After that, I wait 1 minute so that my application is ready. Then, I open my favourite web browser (say Firefox) and go to the link http://localhost:3838/. The photos stored at H:\camera_traps\site01 will be available inside Home/photos directory within the web application.

Stopping the app

If you want to close the app after using it and free your computer memory, you can do this by closing Docker. If you use Docker Desktop, make sure it is closed.

For example, on Windows, you can find Docker Desktop icon on the right side of your taskbar. If the icon is hidden, extend the list of icons with the up arrow.

Note that when you want to open the app again, you will need to open Docker and use the command from Running the app section:

docker run -d --rm -p 3838:3838 -v [PUT YOUR PATH HERE]:/root/photos dzionek/easy-ct

Updating the app

If you want to update the app, you need to stop it first. Then, open Docker and use the command from Installing the app section:

docker pull dzionek/easy-ct:latest

If your app can be updated, this will pull the latest image. If your version is up to date, you will see Status: Image is up to date for dzionek/easy-ct:latest.

Author

The project was created by Bartosz Dzionek during his Research Experience Placement 2021 at the Zoological Society of London and Imperial College London. Many thanks to Dr. Marcus Rowcliffe, Verity Miles, and others for supervision and great advice.

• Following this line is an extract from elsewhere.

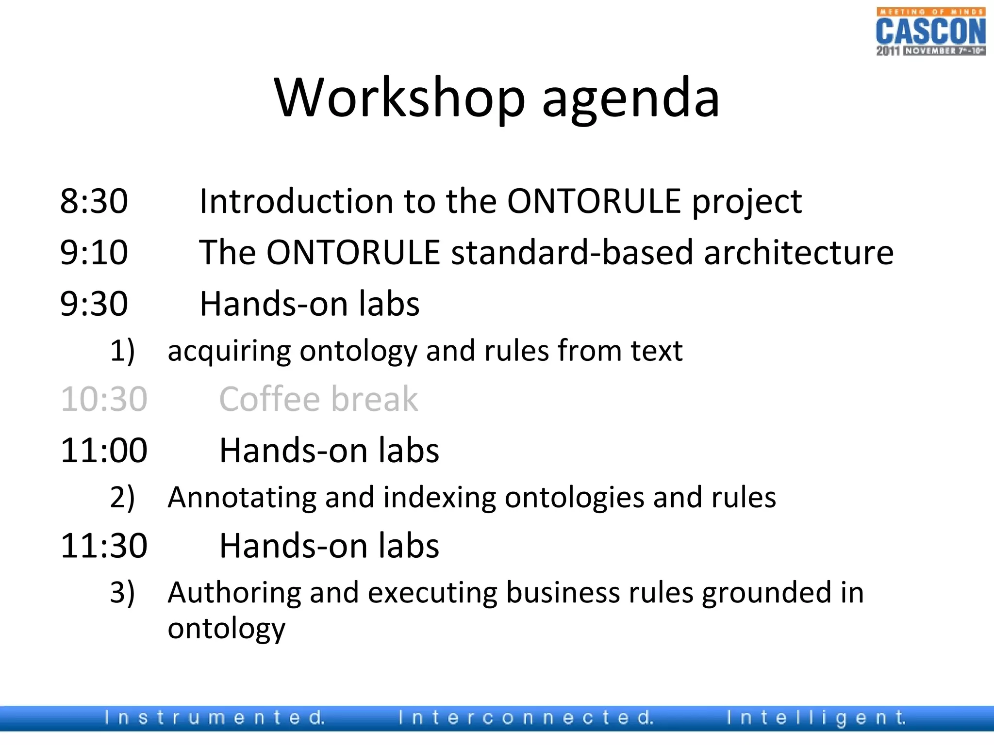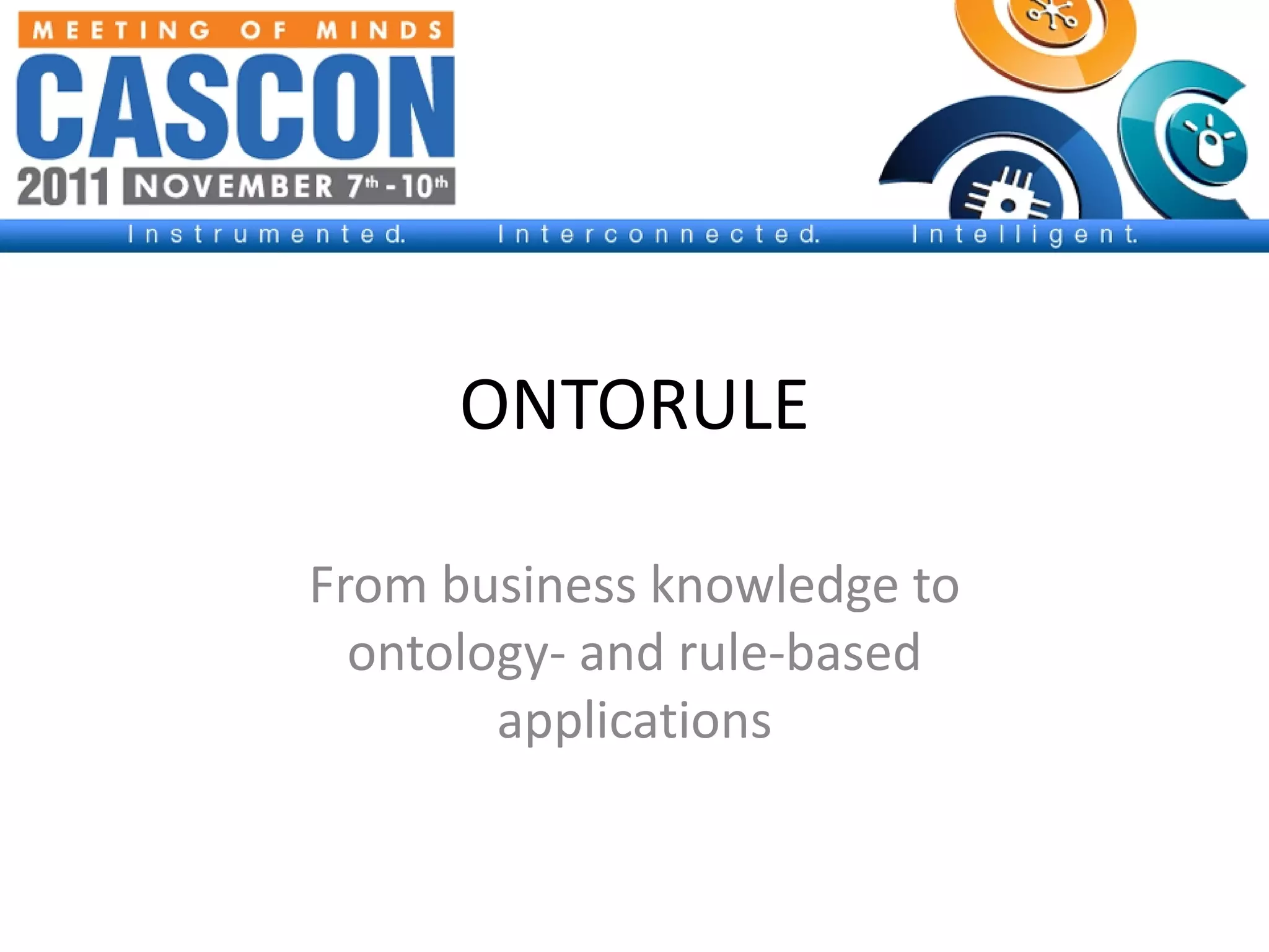 The document discusses the ONTORULE project, which aims to reconcile how business users write rules and policies using natural language with how rule engines require formal semantics and data models. It proposes formalizing vocabularies as ontologies to ground natural language policies and rules, separating domain knowledge from business rules and implementation details. This would allow rules and policies to be consistently applied across applications and organizations. The project seeks to develop standard-based tools to acquire, author, and execute rules grounded in ontology.

The application is based on a binary classifier developed by the ZSL and available at https://github.com/Zoological-Society-of-London/camtrap_classifier.

Contributing

Pull requests are welcome. You can build your Docker image locally using:

docker build -t dzionek/easy-ct:test . 

For major changes, please open an issue first to discuss what you would like to change.

License

This project is licensed under the MIT License - see the LICENSE file for details.